Let $A = \big[{1\ 1\atop 1\ 0}\big]$, and let $G_n$ be the graph whose adjacency matrix is $A^{\otimes n}$. Also let $\kappa(G)$ denote the number of spanning trees of $G$. From a significant amount of computational evidence, it seems highly likely that that $\kappa(G_n) \mid \kappa(G_{n+1})$ always holds $n \geq 0$. In fact it seems that $\kappa(G_n)^2 \mid \kappa(G_{n+1})$. I have tried attacking this problem by analyzing the Laplacian of the graph, but this seems difficult because the Laplacian does not behave nicely under tensor product. I have been working on this for a while so I would appreciate any suggestions on how one might tackle this.
$\begingroup$
$\endgroup$
3
-
$\begingroup$ In the $n=1$ case -- what does it mean that one of your diagonal entries is $1$, one $0$? Does one have a self-loop the other doesn't? $\endgroup$– Allen KnutsonCommented Apr 5, 2013 at 3:30
-
$\begingroup$ Yes, I give one of the vertices a self-loop, so that the matrix for $G_n$ can be written nicely. It has no bearing on spanning trees of course. (Also the graph in question is formed by taking all subsets of an n-element set as vertices, and connecting disjoint subsets with edges.
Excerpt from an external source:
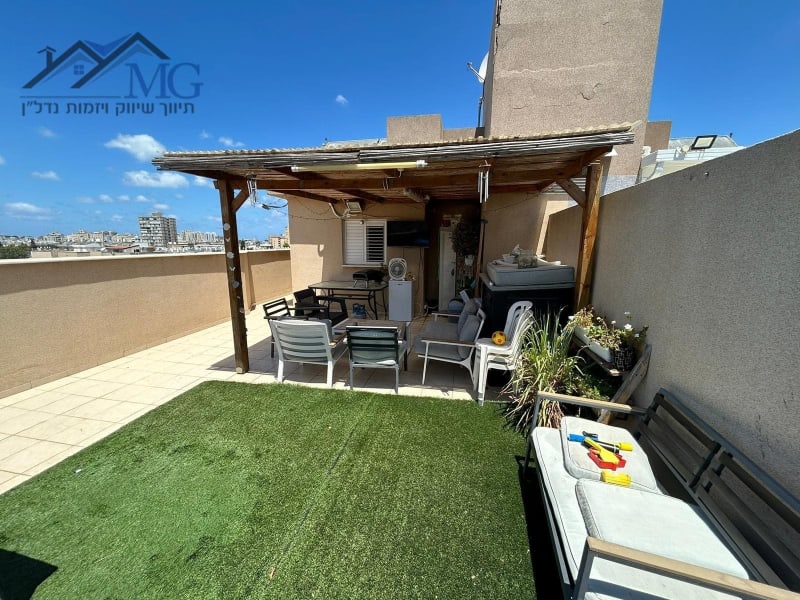 בס"ד דירת גג יפיפיה בקומות 5+6 בבניין בוטיק משנת 2000 באזור מרכזי בקרבת תוואי הרכבת הקלה .מוסדות חינוך ומרכזי קניות 3 שירותים ן 3 מקלחות (יחידת הורים חזית לרחוב שקט וחד סטרי כ"א דרום מערב וצפון בוצע שיפוץ בחדר שרותים ואמבט ארונות חדשים ממ"ד מרפסת שמש 5 מטר בנוסף בקומה 6 יחידת דיור מקלחת שירותים ויציאה למרפסת שמש 80 מטר מפנקת רשומה בטאבו 4 מזגנים עליים בחדרים ומזגן מרכזי נוסף בהצלחה

The loop corresponds to the empty set being disjoint from itself.) $\endgroup$– user32835Commented Apr 5, 2013 at 3:57
-
$\begingroup$ I think you should try the Q-spectrum. See Thm 2.3 (4), Thm 2.18 and bottom of page 75, Lem 2.20 of "Counting Spanning Trees", citeseerx.ist.psu.edu/viewdoc/summary?doi=10.1.1.36.9128 $\endgroup$– Martin RubeyCommented Apr 5, 2013 at 7:04
Add a comment
|
1 Answer
$\begingroup$
$\endgroup$
1
The answer is actually as nice as could be. The number of spanning trees of $G_n$ is
$$ \frac{1}{3^n}2^{n 2^{n-1}}\prod_{k=0}^{n-1} \big(1-(-2)^{k-n}\big)^{\binom{n}{k}} $$
This follows directly from the theorems in the comment above. The divisibility (what a beautiful word!) properties then follow from the formula.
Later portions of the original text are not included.